**SUPPLIED DATA**:

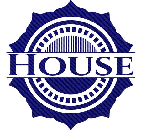 House badge with denim background
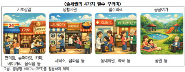 경기연구원은 최근 보고서를 통해 도보 10분 이내에 카페, 편의점, 병원 등 생활 편의시설을 이용할 수 있는 ‘슬세권’ 개념을 제시하고, 이를 기반으로 한 도시 조성 방향을 제안했다고 23일 밝혔다.
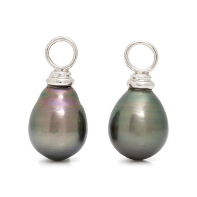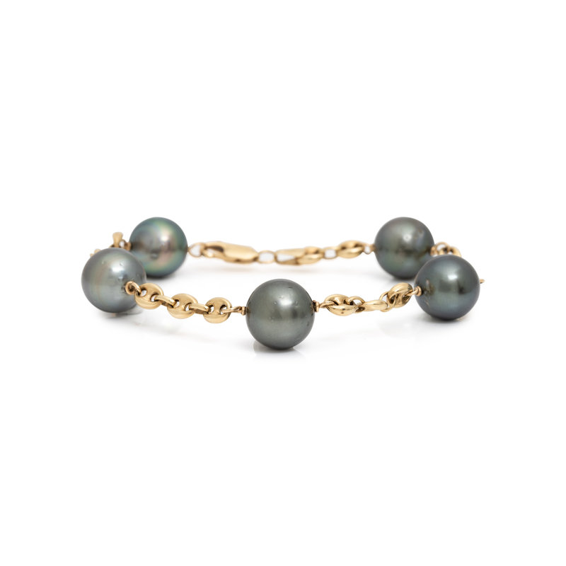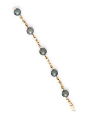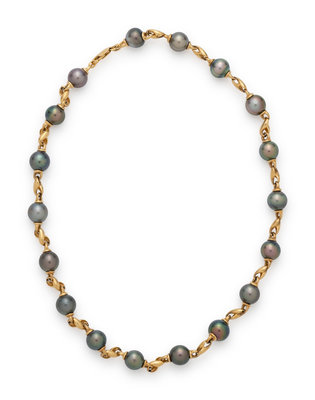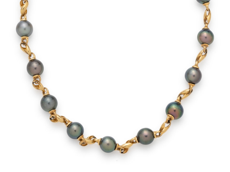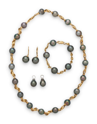 Consisting of a yellow gold necklace containing numerous Tahitian pearls, a yellow gold bracelet containing five Tahitian pearls, a pair of yellow gold drop earrings containing two Tahitian pearls, together with a pair of white gold earring attachments containing two Tahitian pearl drops. Necklace: 20 inches long. Bracelet: 7 3/4 inches long. Earrings: 1 1/4 inches long. Earring attachments: 3/4 inch long.
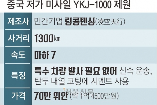 3일 홍콩 사우스차이나모닝포스트(SCMP) 보도에 따르면 지난달 25일 민간기업 링콩톈싱이 속도 마하 7에 사거리가 1300㎞에 이르지만 가격은 70만 위안(약 1억 4500만원)에 불과한 저가형 미사일 ‘YKJ-1000’을 출시했다.
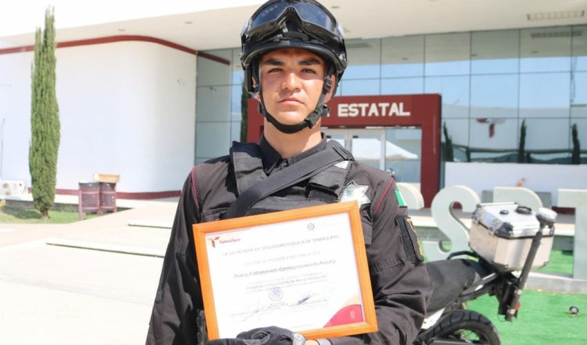 Ciudad Victoria, Tamaulipas. – Tras concluir su participación en el Curso Intensivo de Motopatrullaje, el policía A, Leonardo Maldonado Ramírez, expresó su reconocimiento y agradecimiento al gobernador de Tamaulipas, Américo Villarreal Anaya; y al secretario de Seguridad Pública del Estado, Sergio Hernando Chávez García, por brindarles la oportunidad de fortalecer sus habilidades operativas.
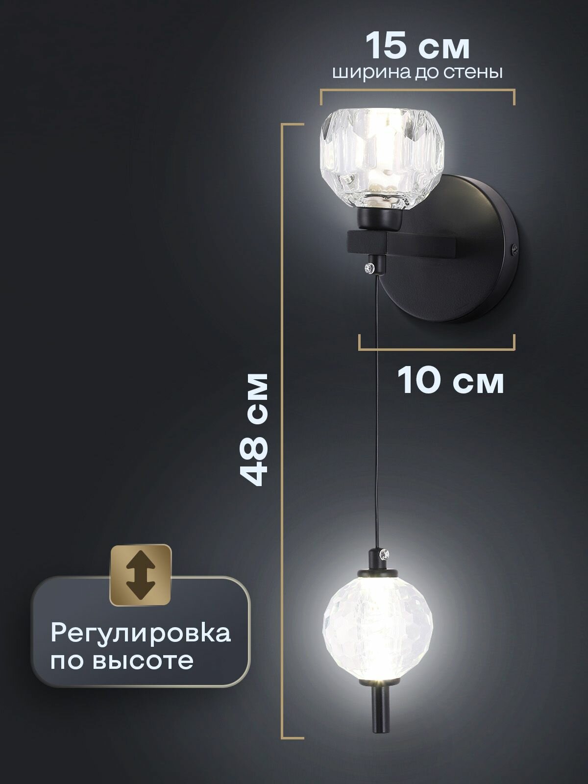 Бра настенные светодиодные, светильник настенный ЭлисСвет 20132ZS/1W BK информация:
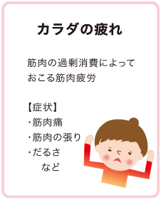 | カラダの疲れ | ・長距離マラソンなど激しい運動にチャレンジしたとき ・家事や肉体労働をしたとき など |
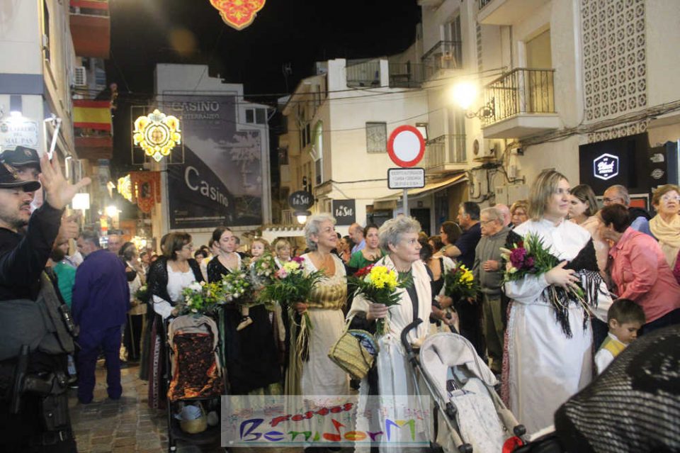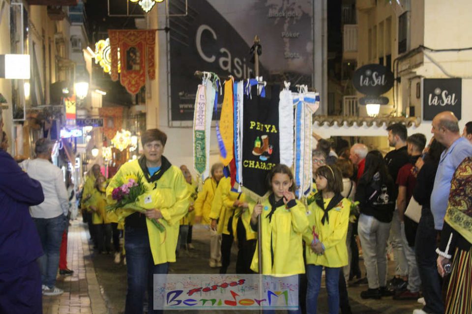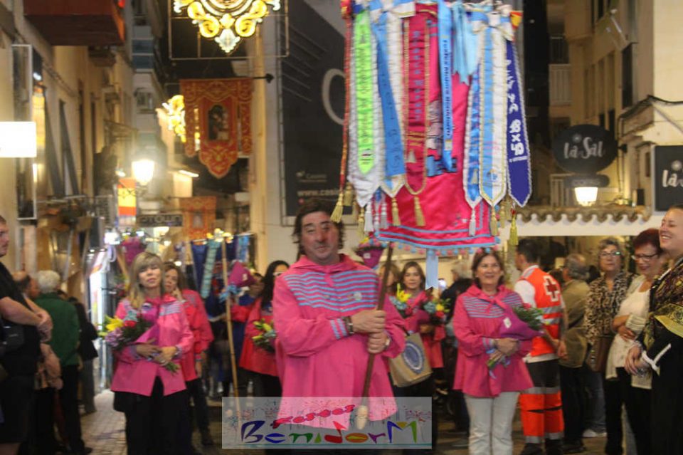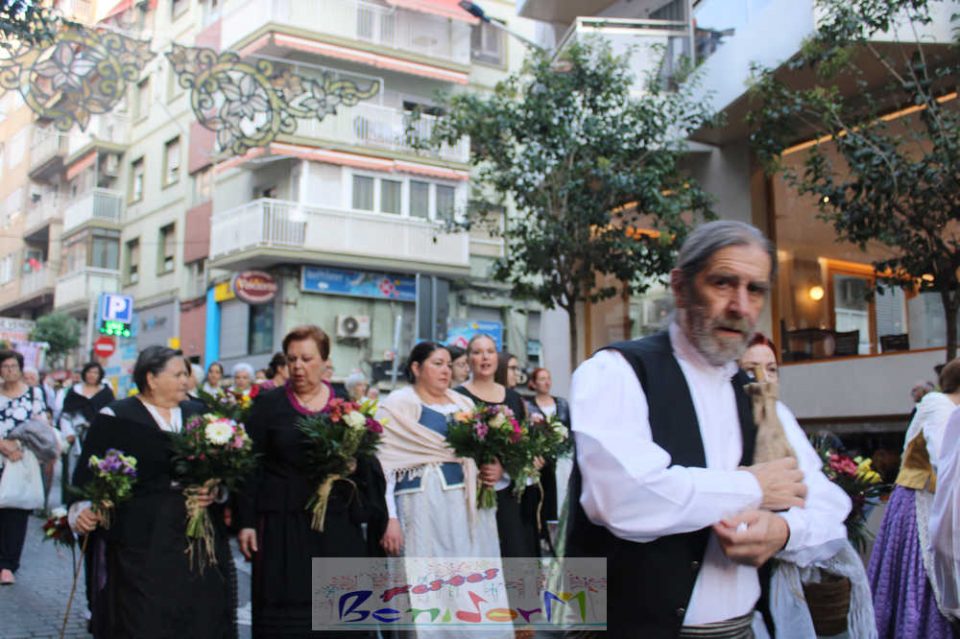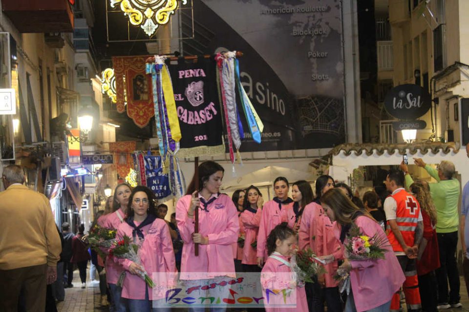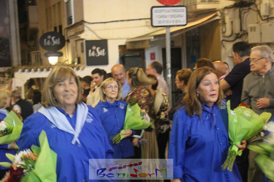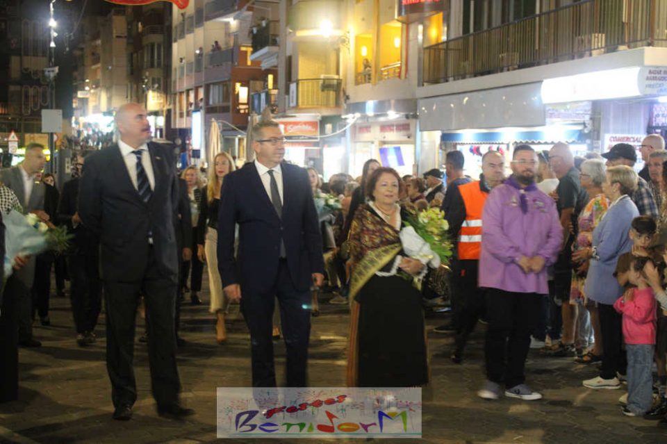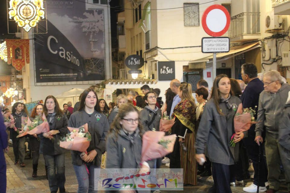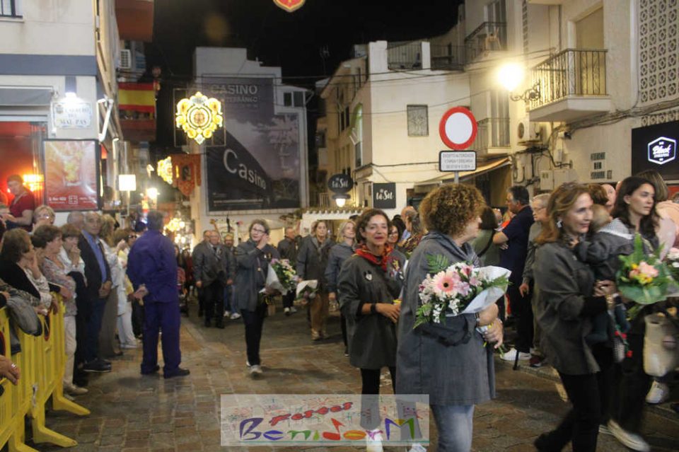 Centenares de benidormenses, vecinos de otras poblaciones y turistas participaron o aplaudieron este desfile a lo largo de todo el recorrido. Y quienes salieron en él lo hicieron portando vistosos y coloridos ramos o cestas de flores en señal de devoción a la patrona, a la que lanzaron besos, pidieron protección o ante la cual derramaron lágrimas de emoción o tristeza por el recuerdo de seres queridos.
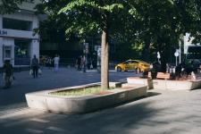 First of all, the high walkway, which is between two old vehicle roads, creates an obstacle for crossings, and has been integrated with the sidewalks by revealing the area. The constructions around the protected plane trees were replaced with permeable concrete to allow their roots to absorb water. In addition, the newly designed benches were designed to surround these trees and protect them. These seats allow visitors to spend quality time in the center of the public space along the street, under the shadow of the plane trees by listening to the street sound.
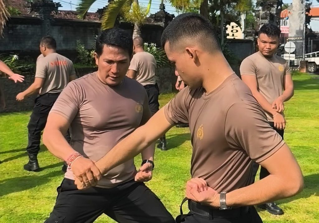 Tingkatkan Kesiapsiagaan, Kasat Samapta Polres Klungkung Pimpin Latihan Bela Diri
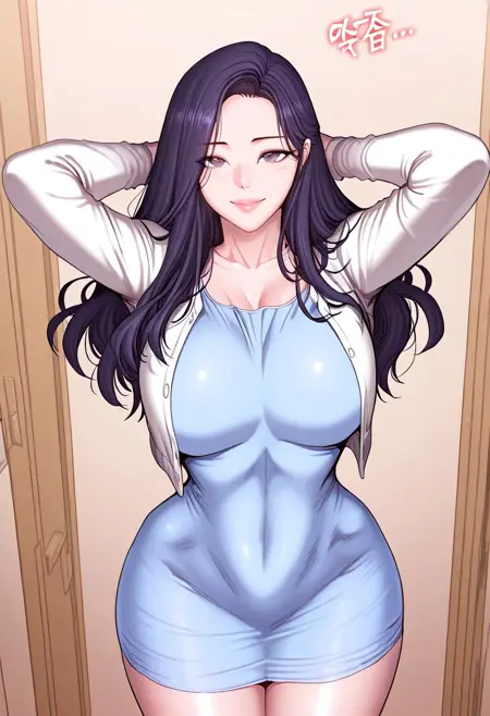 (( lora:oh\_choon-hwa:1 , oh_choon-hwa, thin waist, wide hips, beautiful skin, piercing purple eyes, clear eyes, bright pupils, beautiful eyes, beautiful purple hair, huge and shaggy breasts, natural beauty, extraordinary beautiful woman, attractive woman, super sexy woman, lustful body, sexy woman with seductive obscene body, sensual body, voluptuous body, sexy beauty, no piercings, no piercing, ))
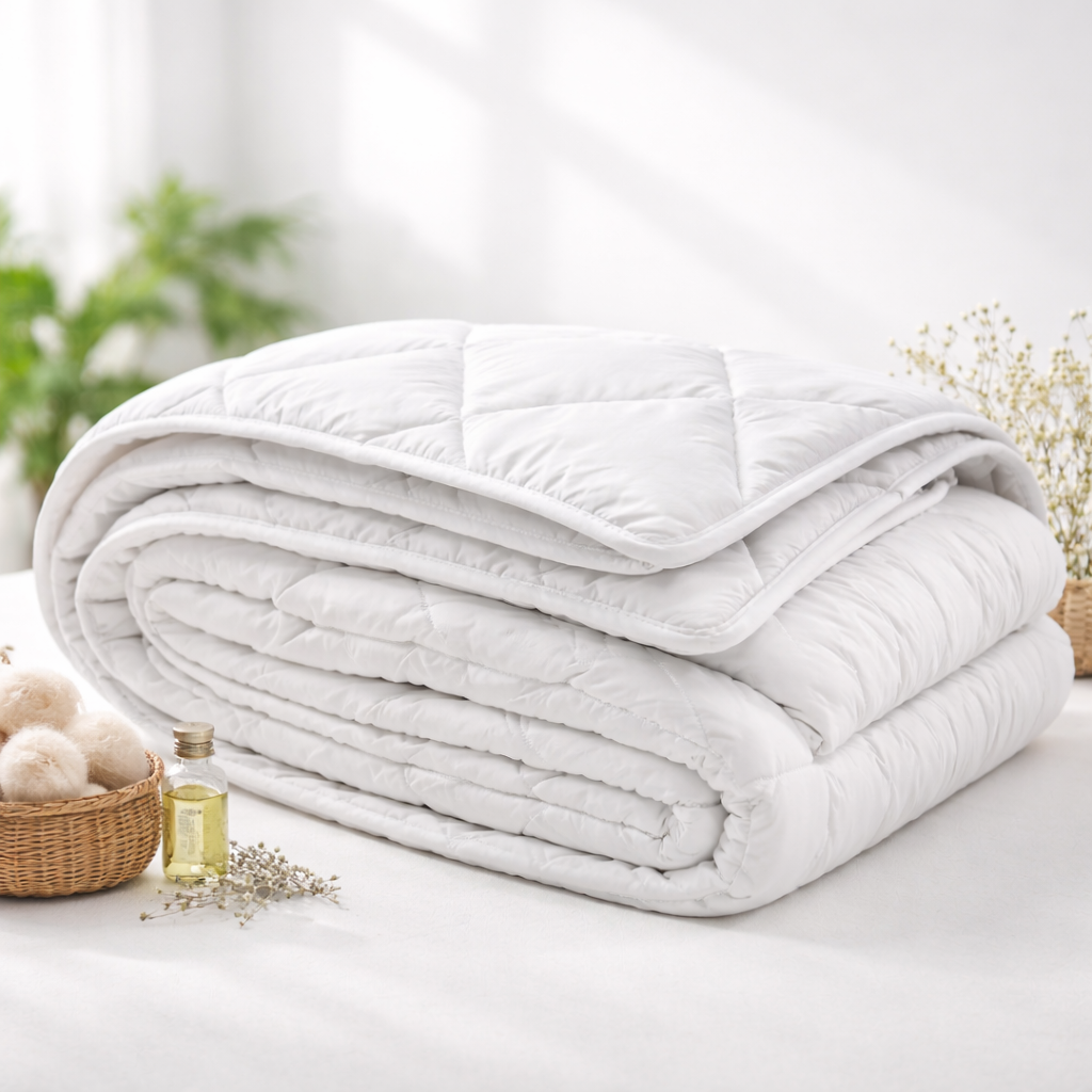Jede Decke wird in Europa handgefertigt und mit natürlichem Thermalwasser gereinigt – ohne Chemikalien, ohne Zusätze, nur reine Natur. Sie ist plastikfrei, hypoallergen und unterstützt ein trockenes, ausgeglichenes Schlafklima. Her bir yorgan Avrupa’da el yapımı üretilir ve doğal termal su ile temizlenir. Kimyasal ve katkı maddesi yoktur, tamamen doğaldır. Plastik içermez, alerji dostudur ve dengeli bir uyku ortamı sağlar.
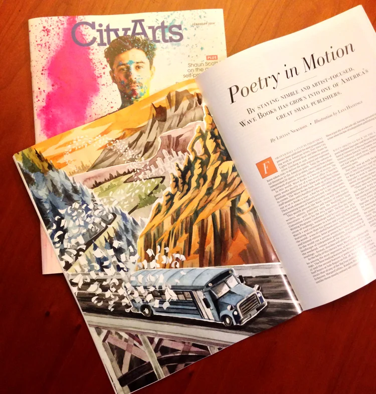 Full page illustration for a feature article on Wave Publishing, one of the oldest independent publishers in the country.
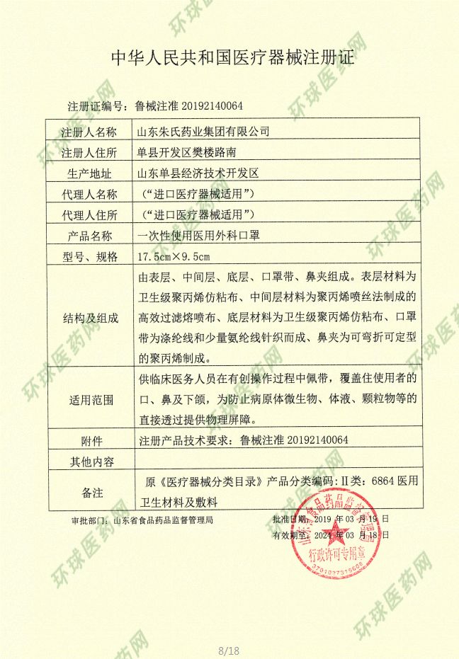 批準文號: 魯械注準20192140064 【驗證真?zhèn)?/a>】
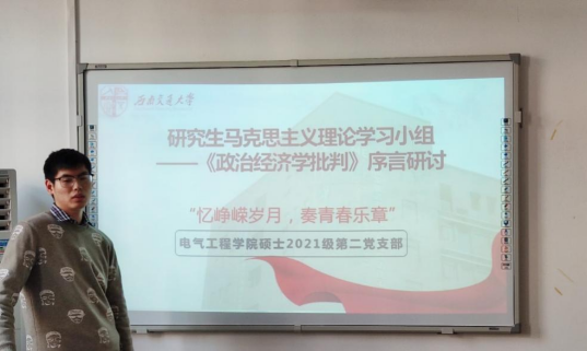 为教育引导支部成员感悟马克思主义的真理力量和实践力量,深化对中国化马克思主义既一脉相承又与时俱进的理论品质的认识。伟德体育硕士2021级第二党支部深入开展读懂原著,学懂原文,坚持在下功夫“学懂”的基础上,往“学深”上发展。2021年12月5日14时30分,支部在犀浦校区X9312召开了第二场“领航先锋工程”之马克思主义理论学习交流会,一起研读《政治经济学批判(序言)》。本次学习交流会由支部书记王顺同志主持,支部全体党员同志及班上其他同学参加会议。
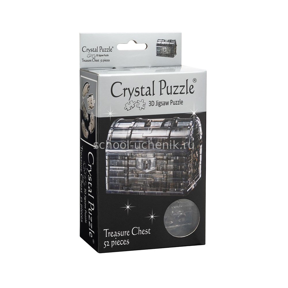 Это волшебный сундучок – не просто красивая кристальная фигурка, а настоящий 3D-пазл из серии Crystal puzzle из 52 деталей! Собрав пазл правильно, вы сможете открывать сундук с помощью специального ключика, хранить в нем памятные сердцу вещи и использовать в качестве шкатулки. Трехмерная головоломка повышенной сложности придется по душе всем, кто любит непростые задачи.
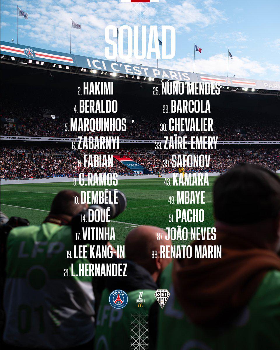 巴黎战昂热大名单:若昂-内维斯回归,KK、多纳鲁马缺席
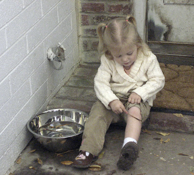 With a house full of grown-ups and so much Thanksgiving prep underway, a little girl has to be creative when it comes to filling her time. Sitting by my back door, I found a stick and the water bowl for the dogs. Put the two together and hours of fun ensue. Okay, maybe not hours, but at least 10 minutes. Here I am, caught in the act!
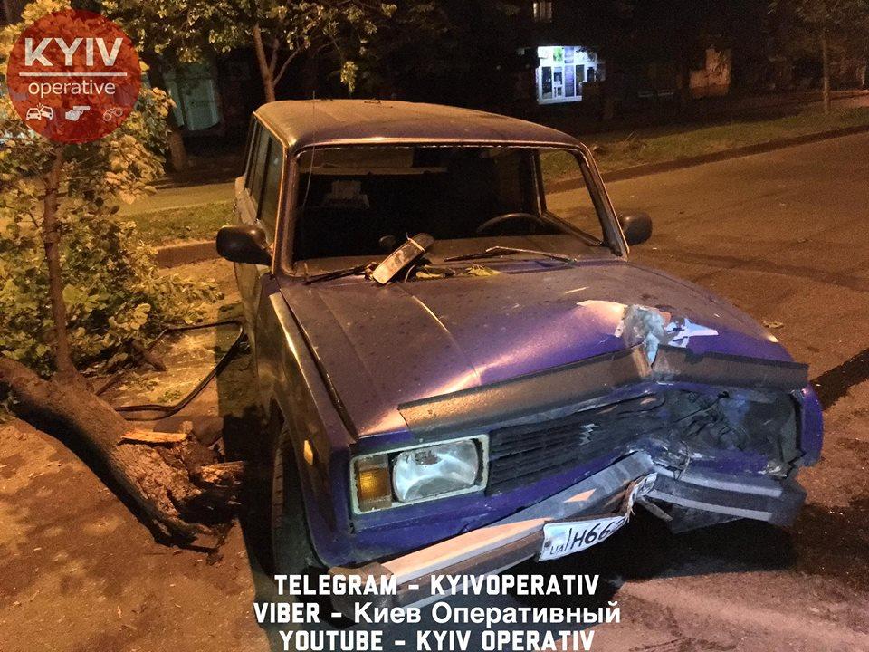Возле гостиницы Екатерина, на улице Вышгородской, 53, пьяный водитель, управляя автомобилем #ВАЗ, г.н #H6625IH, совершил "каскадерский трюк" - на серьёзной скорости въехал в дерево, после чего автомобиль отбросило на полосу встречного движения.
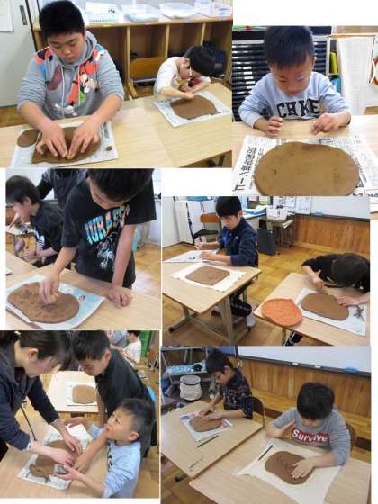 陶芸家の先生に来ていただいて,お皿を作りました。焼き上がりが楽しみですね。
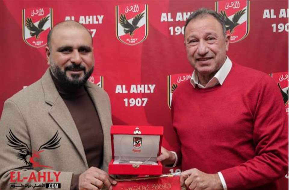 رئيس النادي الأهلي يمنح درع وعلم النادي  للمذيع العماني خليل البلوشي
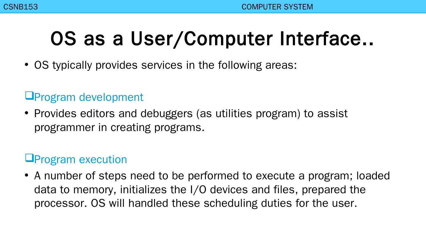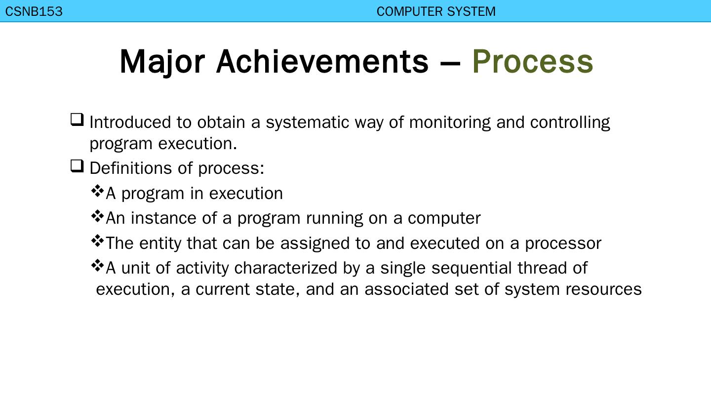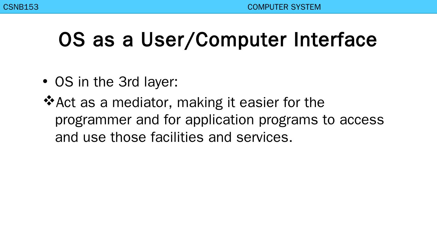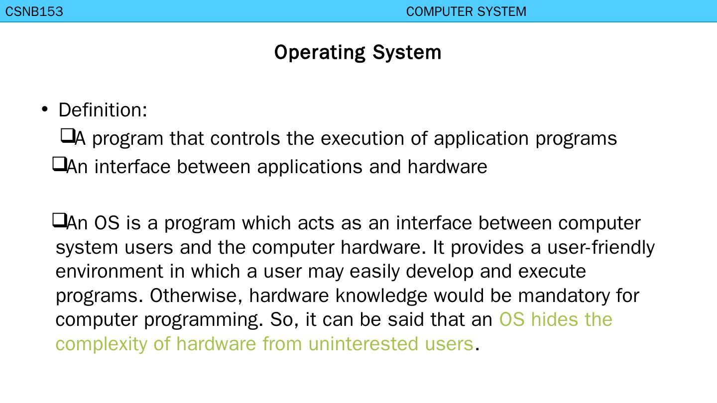 CSNB153 COMPUTER SYSTEM. COMPUTER ORGANIZATION. CMPD223. Operating System. Definition: A program that controls the execution of application ...

**EXERCISE REQUIREMENTS**:
Only the lines starting at the one that holds "رئيس النادي الأهلي" and ending at the last line of the data belong in your answer. Please set them down exactly and omit the pictures.

**EXERCISE RESULT**:
 رئيس النادي الأهلي يمنح درع وعلم النادي  للمذيع العماني خليل البلوشي
 CSNB153 COMPUTER SYSTEM. COMPUTER ORGANIZATION. CMPD223. Operating System. Definition: A program that controls the execution of application ...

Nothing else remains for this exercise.